Desjardins

L’année de la pensée magique

Il ne s'est rien produit cette année. Ou si peu.

Et la crise, Chose? Ben rien, la crise, justement. Déjà, c'est comme si elle n'avait jamais existé. Enfin, c'est plutôt comme si tout ce qui l'avait provoquée ne s'était jamais produit.

Ils sont nombreux à réinventer l'histoire récente depuis quelques mois, faisant entrer dans la tête de bien des gens que ce n'est pas la faute à la déréglementation, aux subprimes, au crédit dopé et à la voracité des golden boys de Wall Street si nous avons plongé. Non, selon les politiciens républicains, les banquiers et les animateurs à Fox News, c'est la faute aux bureaucrates à Washington si nous en sommes arrivés là.

On n'a même plus la décence d'attendre que les gens oublient un peu avant de verser dans le révisionnisme. Et à quoi bon? Ceux qui écoutent sont prêts à croire n'importe quelle fable, du moment qu'elle est assez bien tournée pour paraître crédible et qu'elle leur permettra de continuer à vivre en modifiant le moins possible leurs habitudes.

Voilà qui résume parfaitement l'année, sinon la décennie dont 2009 fut une sorte de point culminant: la pensée magique.

De gauche à droite, du pouvoir jusqu'aux classes moyennes.

De la pensée magique avec de l'écologie bien proprement emballée dans un sac portant le logo de chez l'épicier, avec un bleuet ruisselant dessus. Un beau sac bien plein, lui-même, de sacs en plastique, de pellicules et d'emballages jetables. Un beau gros sac bien rempli de choses qu'on jettera aussi à moitié quand elles auront pourri dans un frigo deux fois trop gros, acheté à crédit, mais avec le logo Energy Star, pour que ça consomme moins d'électricité.

Le "chaque petit geste compte" de cette décennie est sans doute un des plus efficaces leurres de l'époque. Il nous permet, de manière élégante, de repousser le véritable enjeu de l'écologie, soit notre mode de vie, tout en nous croyant absous de tout péché.

Qu'importe la réalité, ce qui compte, ce n'est pas ce qu'on fait, mais ce qu'on pense. Ou mieux, ce qu'on pense qu'on fait.

Et tout le monde a l'intime conviction d'avoir raison. C'est-ti pas beau?

L'avènement d'Internet et la popularité des faiseurs d'opinion n'aura permis que d'accentuer ce phénomène de pensée magique. Avec la multiplication des chroniqueurs, des blogueurs et des animateurs, on finit toujours par en trouver un qui nous reconduit dans nos petits préjugés. Un qui pense comme nous.

On aurait pourtant cru le contraire: que plus de médias permettrait d'éclairer plus efficacement le mensonge et la vérité.
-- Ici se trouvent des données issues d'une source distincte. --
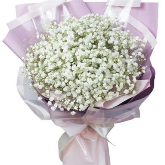 Воздушное облако белой гипсофилы с оформлением будет прекрасным подарком для возлюбленной. Такой букет не только красивый, но и долгое время будет радовать получателя своей красотой.

Ou, bêtement, que la démocratisation de l'information offrirait de nouvelles manières de débusquer les cons. Ce qui fonctionnerait si, du même souffle, les médias traditionnels comme le Web n'en produisaient pas autant.

Pensez à la marée noire de conspirationnistes qu'il faut endiguer, aux abrutis narcissiques, aux blogues new age, aux provocateurs qui déballent leur ignorance avec fierté, aux opportunistes, aux spin doctors, aux faux amateurs de cyclisme urbain créés de toutes pièces par des agences de pub, aux putes en tous genres, et à tous les pseudo-experts de tout et n'importe quoi qui polluent le discours ambiant.

Prenez, par exemple, les chiffres concernant le réchauffement climatique puisqu'on cause écologie.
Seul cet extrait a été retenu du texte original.